» **Records for this exercise**

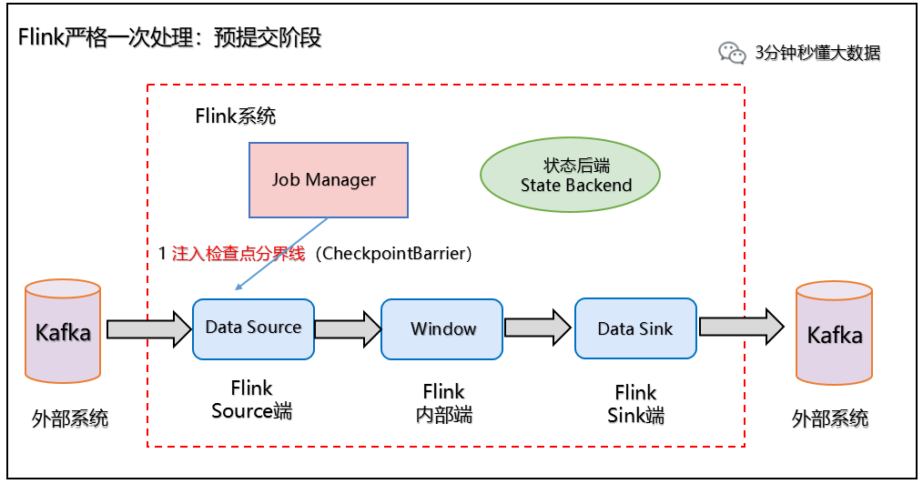 3、Slink 端:从 Source 端开始,每个内部的 transformation 任务遇到 checkpoint barrier(检查点分界线)时,都会把状态存到 Checkpoint 里。数据处理完毕到 Sink 端时,Sink 任务首先把数据写入外部 Kafka,这些数据都属于预提交的事务(还不能被消费),此时的 Pre-commit 预提交阶段下Data Sink 在保存状态到状态后端的同时还必须预提交它的外部事务,如下图所示:
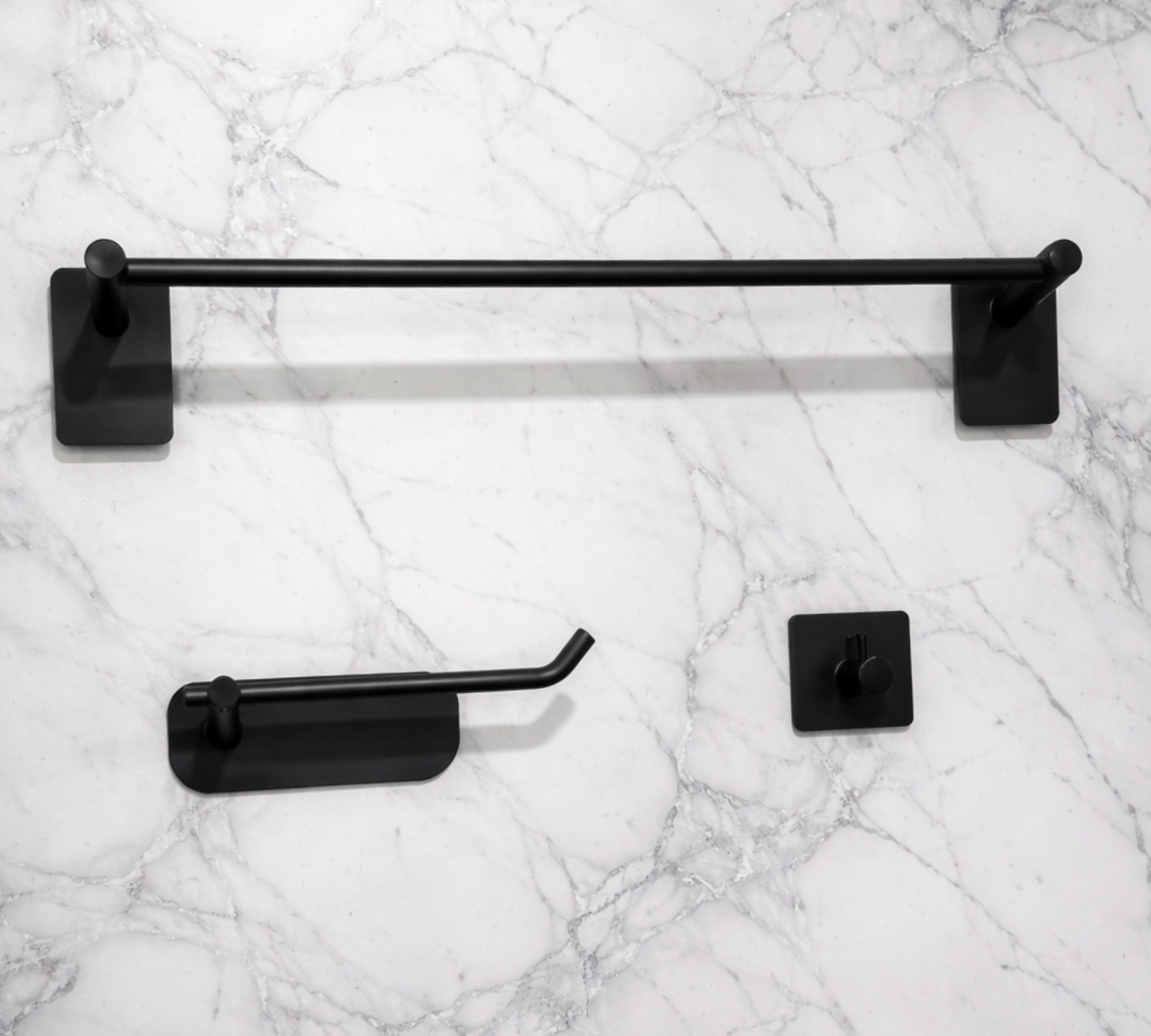Set 3 Piezas Accesorios Baño Linea adhesiva 3M Negro Mate
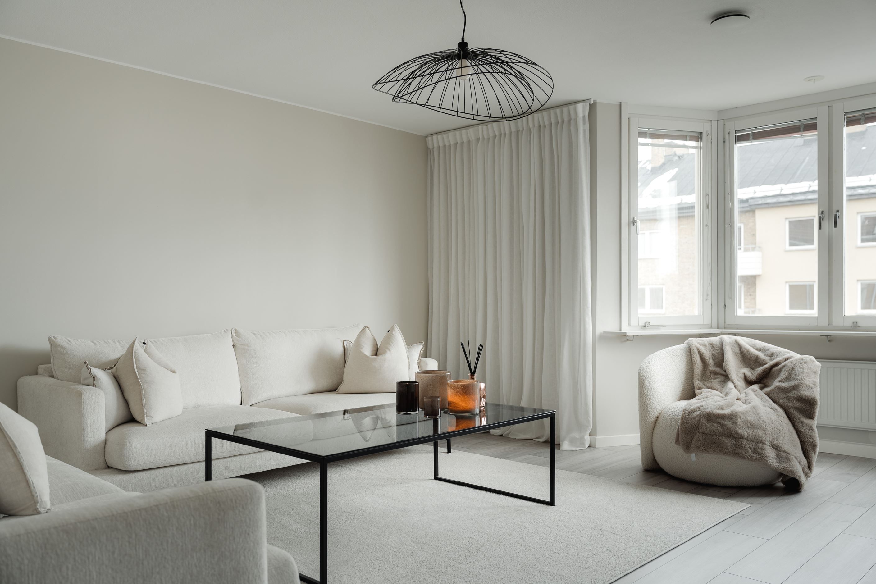 Den genomtänkta renoveringen gör att lägenheten känns både fräsch och inbjudande, vilket skapar en perfekt balans mellan stil och funktionalitet. Bostaden har ett rymligt kök som går i vinkel med matplats. Luftigt vardagsrum med plats för soffmöblemang samt ett rymligt sovrum. Helkaklat stilfullt badrum med både tvättmaskin och torktumlare samt en praktisk klädkammare.
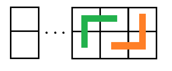 如图,这种情况下,类似情况 1,可以根据 \(f_{i-2}\) 的情况得来,前 \(i-2\) 列覆盖完毕后,忽略情况 1(因为已经计算过了),就只有这种情况了。
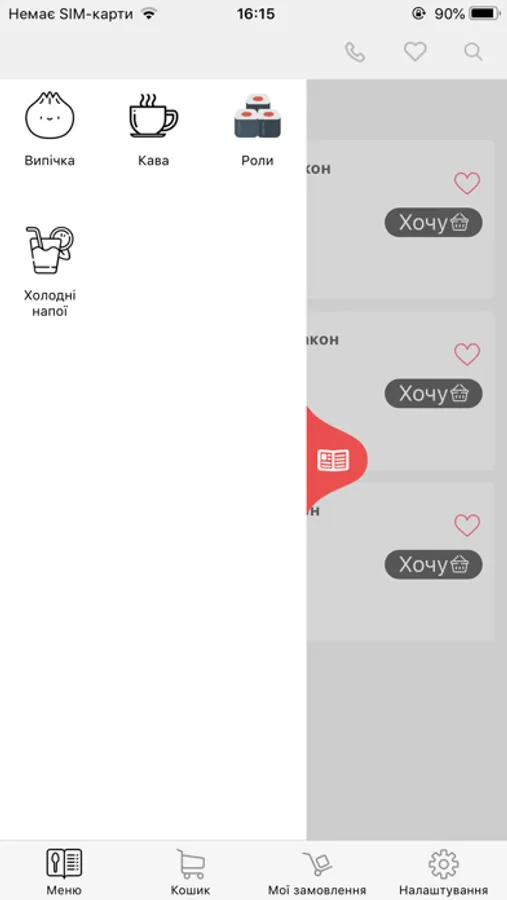 • самостійно замовити страви з меню:

» **Brief**
From the line with "Set 3 Piezas" through the last line of the entries above, transcribe everything exactly, both ends included, but not the pictures.

» **Solution to this problem**
Set 3 Piezas Accesorios Baño Linea adhesiva 3M Negro Mate
 Den genomtänkta renoveringen gör att lägenheten känns både fräsch och inbjudande, vilket skapar en perfekt balans mellan stil och funktionalitet. Bostaden har ett rymligt kök som går i vinkel med matplats. Luftigt vardagsrum med plats för soffmöblemang samt ett rymligt sovrum. Helkaklat stilfullt badrum med både tvättmaskin och torktumlare samt en praktisk klädkammare.
 如图,这种情况下,类似情况 1,可以根据 \(f_{i-2}\) 的情况得来,前 \(i-2\) 列覆盖完毕后,忽略情况 1(因为已经计算过了),就只有这种情况了。
 • самостійно замовити страви з меню:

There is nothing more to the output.